Я оглядел тонущие в сумраке книжные полки, простой стол с разложенными на нем газетами и журналами. Книги как будто столпились вокруг меня, безгласно брали под защиту, подбадривали. Меня словно осенило: ведь и те книги, которые приносил нам в Адабашево Куприянов, он брал здесь, в этой библиотеке; значит, они, любимые мои друзья, здесь, и я могу вновь их увидеть.

- Я хочу "Атмосферу", - еле шевеля губами, попросил я. - "Атмосферу"… Фламмариона…

- Что, что? - спросил Панютин и расхохотался. - Кто же тебе посоветовал Фламмариона? Ха-ха! Уж не Софья Степановна ли?

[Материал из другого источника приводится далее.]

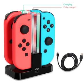 Projetado especialmente para o Joy-Con e o Switch. Fácil de usar, conveniente e prático. Use-o também para armazenar seus controles\ nCarregamento rápido do seu Joy-Con. O uso do USB tipo C permite que você use 5v, o que permite um processo de carregamento bastante rápido. Indicadores de duas cores para o status do carregamento: verde = carga cheia/vazia, vermelho = suporte\ nEspecificações: Modelo: TSN-875Entrada: cabo USB tipo C - 5V 1\ nCorrente de carregamento: 200mA * 4\ nMaterial: ABS Tamanho: 8,5x5x12cmCor: preto\ NIncluindo pacote: 1x Base de carregamento TNS-875* 1x Cabo USB
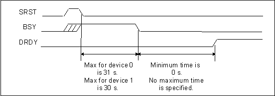 h) Device 0 clears the BSY bit when ready to accept commands that do not require the DRDY bit to be equal to 1. Device 0 shall clear the BSY bit no later than 31 s from the time that the host clears the SRST bit equal to zero;

Мне стало обидно: почему это страшилище с такой усмешкой говорит о моей любимой учительнице?

Я сказал:

- Н-нет… Я сам…

- Ну и врешь! Откуда ты знаешь эту книгу? - гремел Панютин. - Ты только не обижайся… - Тяжелая темная рука неожиданно легла на мою голову, в рыканье льва послышались человеческие нотки. - Нет, сударь, Фламмариона я тебе все равно не дам. Не дам! Рано.

- Я уже читал… Нам Сергей Валентинович приносил… Там… дома… на хуторе, - показал я рукой куда-то на улицу.

- А кто такой Сергей Валентинович?

- Да наш… дядя Куприянов, что был на хуторе… Сад караулил… Его порезали ножами… - Язык мой понемногу развязывался.

Панютина словно кто встряхнул, он поднял гривастую голову, удивленно уставился на меня выпученными, в красных прожилках, глазами.

- Куприянов? Ах вон что… Ты знал Куприянова?

Артамон Демидович склонил голову, и нельзя было понять, то ли он задумался, то ли огорчился моим известием.

- М-м… Куприянов… Н-нда-а… Был такой человек, был… - Панютин помолчал и снова, будто очнувшись от тяжелой сонливости, сердито повторил: - Нет, не дам Фламмариона, не дам. Куприянов - студент, образованный человек, а ты… ты - еще молокосос. Тебе учиться надо. Учиться, да! Вот тебе книжка… По твоим зубам… - И он сунул мне тощую брошюрку с прошитым серыми нитками корешком. - Прочитаешь - вернешь и расскажешь, про что в ней напечатано. Не расскажешь - не дам больше ни одной книжки. О рэвуар! Шагай!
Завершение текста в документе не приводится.